5 Things You Need To Know Before Voting

Make sure you can vote when the time comes!

5 Things You Need To Know Before Voting

As we begin to race through President Obama’s last year in office, people across the country are anxiously awaiting their turn to help nominate a presidential candidate for each party. For many of us, this will be the first time we are eligible to vote, and we absolutely should.

Many of the issues plaguing the United States directly affect our future, and we should not stand idly by while older generations single-handedly determine the president leading us through the next crucial four years. As citizens of a democratic country, we have a responsibility to research the candidates and vote for the one we trust or believe will make a difference.

However, before voting, there are a few things you should know. Here are some voting “need-to-knows” simply explained.

1. Eligibility

In order to be eligible to vote, you must be a U.S. citizen, meet the residency requirements for your state, and be 18 years old. However, some states allow you to vote in the primaries at 17 if you will be 18 before the general election, so check out your state’s requirements.

2. Registering to vote

Because voting depends on state law, registration varies depending on where you live, but your state will either allow you to register online, have you complete the National Mail Voter Registration Form or register in person at places such as a state or local registration office, a DMV, an armed services recruitment center or any public place that a state has designated as a vote registration agency. You should register soon because some states have deadlines to register before the elections.

3. Caucus vs.
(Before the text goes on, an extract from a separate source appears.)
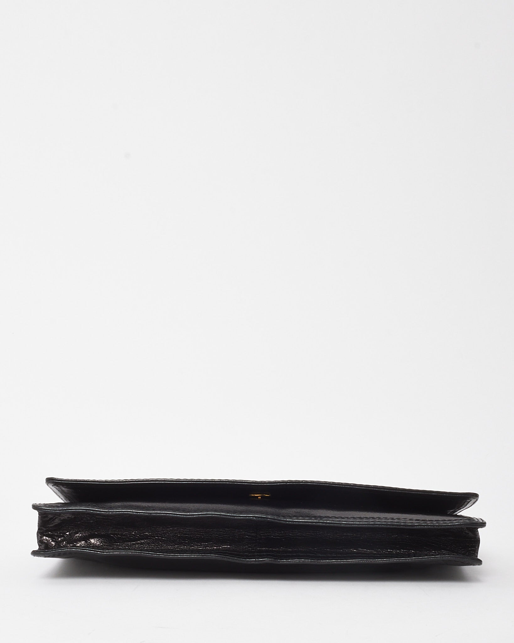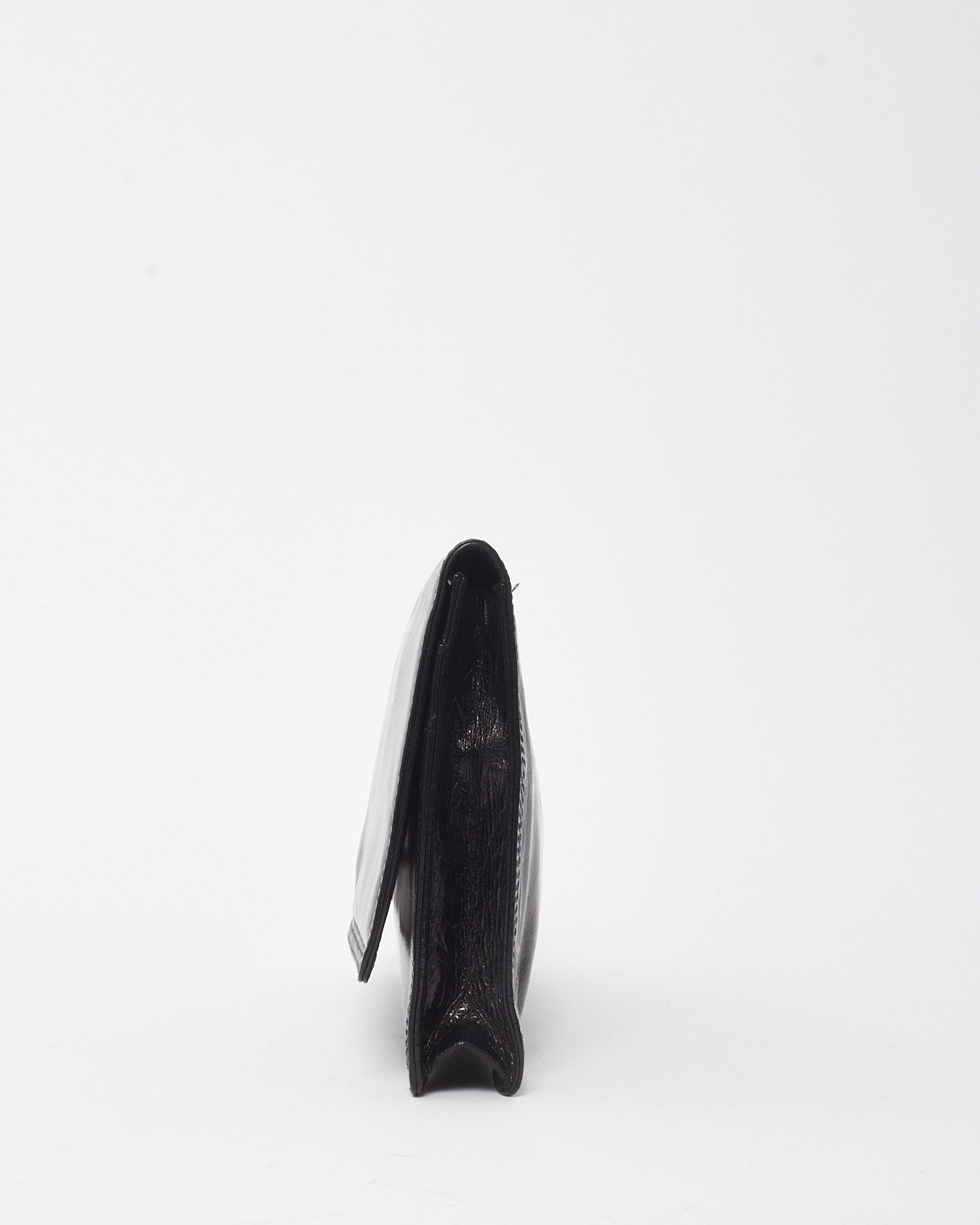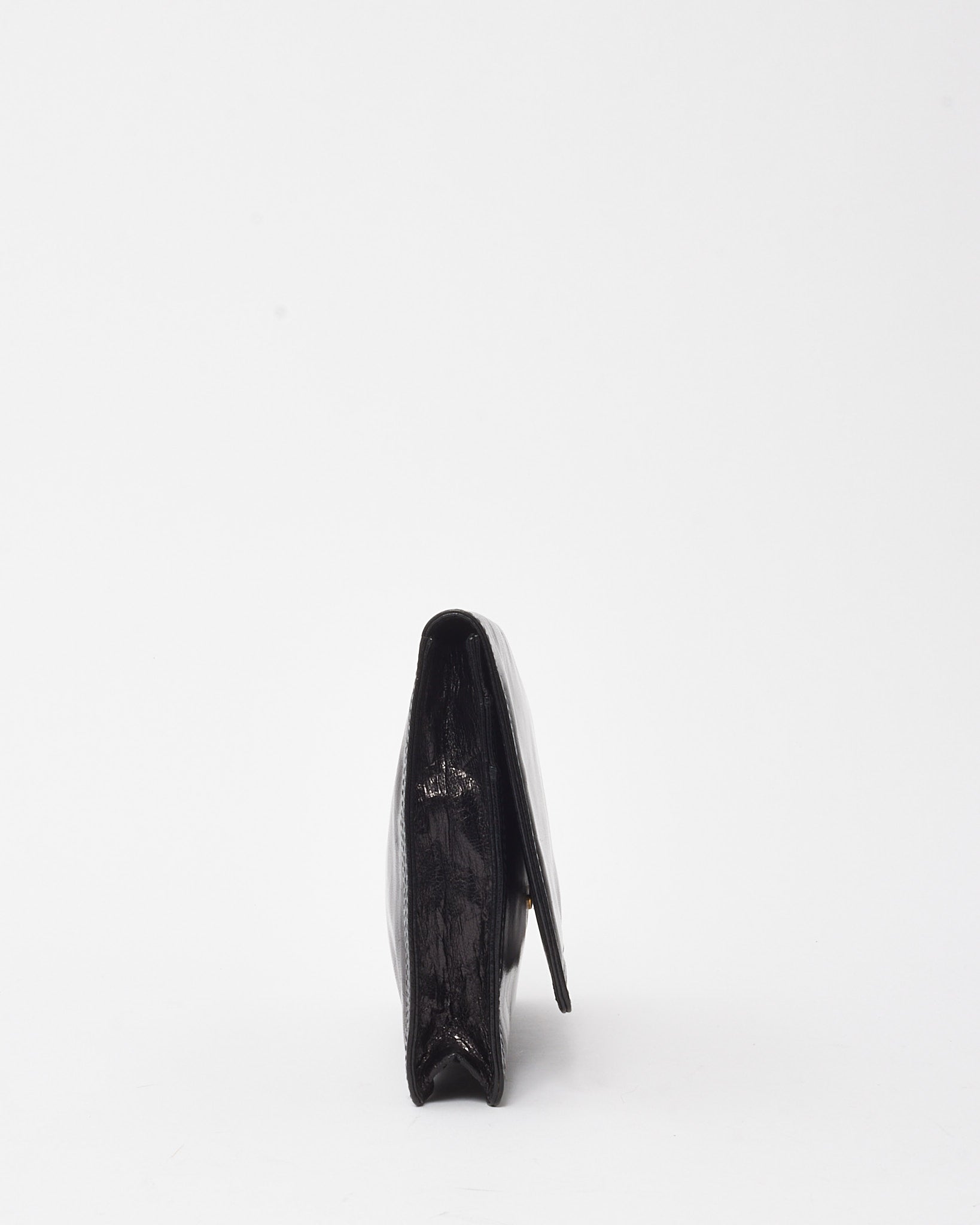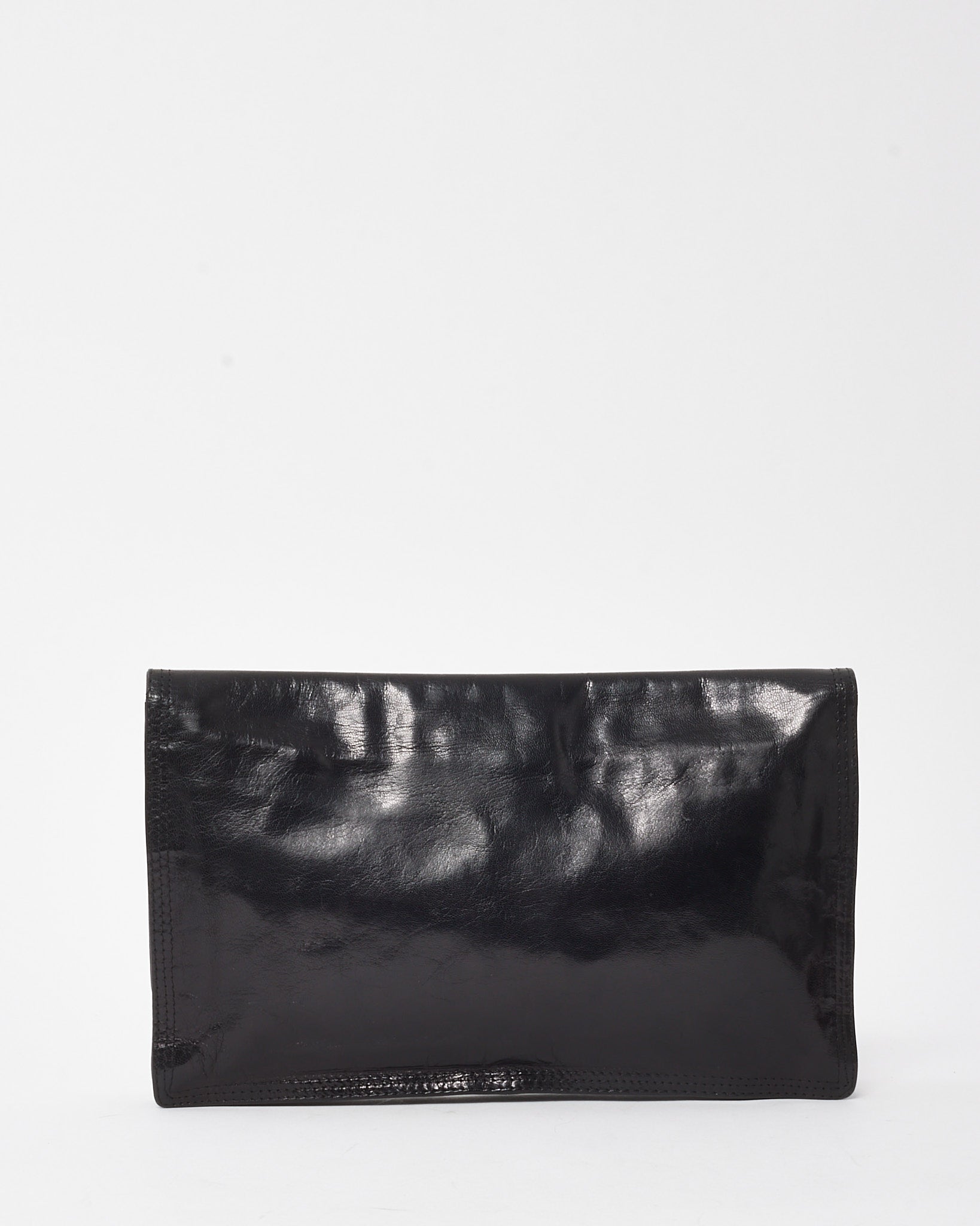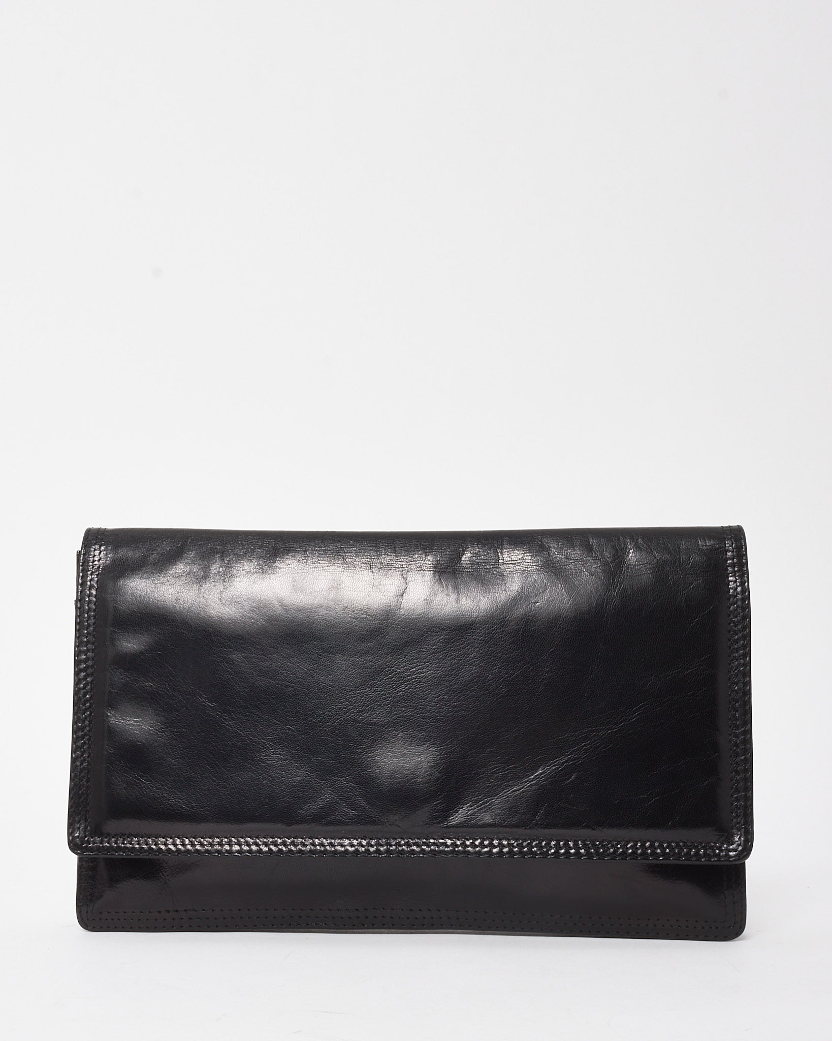 Vintage Black Glazed Calfskin Fold Over Clutch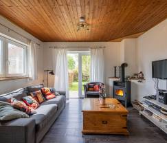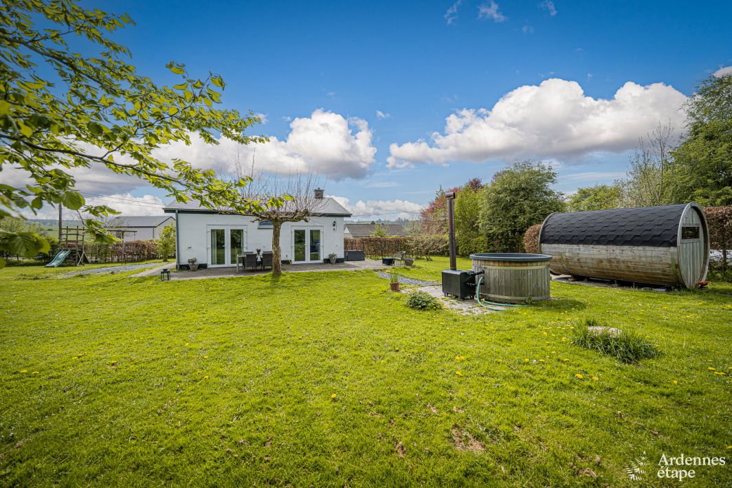 En plus d’un aménagement pratique et fonctionnel, la maison propose aussi un équipement destiné au bien-être pour des vacances placées sous le signe du repos et de la détente. Vous disposerez à l’extérieur d’un sauna et d’un bain nordique pour vous relaxer après une journée de randonnée. Le jardin est d’ailleurs un lieu où vous passerez sans doute du temps, particulièrement durant les beaux jours. En effet, vous y profiterez d’une jolie vue et d’un environnement champêtre, en plus de bénéficier de 2 terrasses avec leur mobilier de jardin. L’intérieur se révèle tout aussi ravissant avec une vaste pièce à vivre regroupant le coin salon et la cuisine tout équipée ouverte sur la salle à manger. Vous y passerez assurément d’agréables moments en famille autour d’un apéritif ou d’un bon repas. Enfin, vous disposerez dans cette maison de plain-pied de 2 chambres et d’une salle de bains.

Primary

You've probably heard about the approaching Iowa Caucus. Simply stated, a caucus is one of two methods states can use to pick delegates who will choose a presidential candidate for each party. On Feb. 1, Republican and Democratic caucuses, or meetings, will be held throughout the state of Iowa, where voters will choose the delegate they want to represent their county. The number of delegates varies by state, but these delegates will ultimately decide who gets the nomination in the national convention. A primary is more like a general election, in which people cast their votes for the person they want to win the nomination. Know which method your state uses, or if they use a combination of the two, to make sure your vote counts.

4. Open vs. Closed Primary

Your registration card will ask you which party you want to be affiliated with, but before you even register to vote, you should search whether your state has an open or closed primary!

If your state has a closed primary, you can only vote for one candidate who is in the party you are affiliated with on your registration card. So if you consider yourself an independent, but want to vote for Bernie Sanders in the Democratic primary, you will have to register as a Democrat. If your state has an open primary, you can vote in any primary regardless of your party membership, but you can only vote in one primary (meaning for one candidate). A less common type of primary is the blanket primary in which you can participate in all primaries, voting for candidates from multiple parties.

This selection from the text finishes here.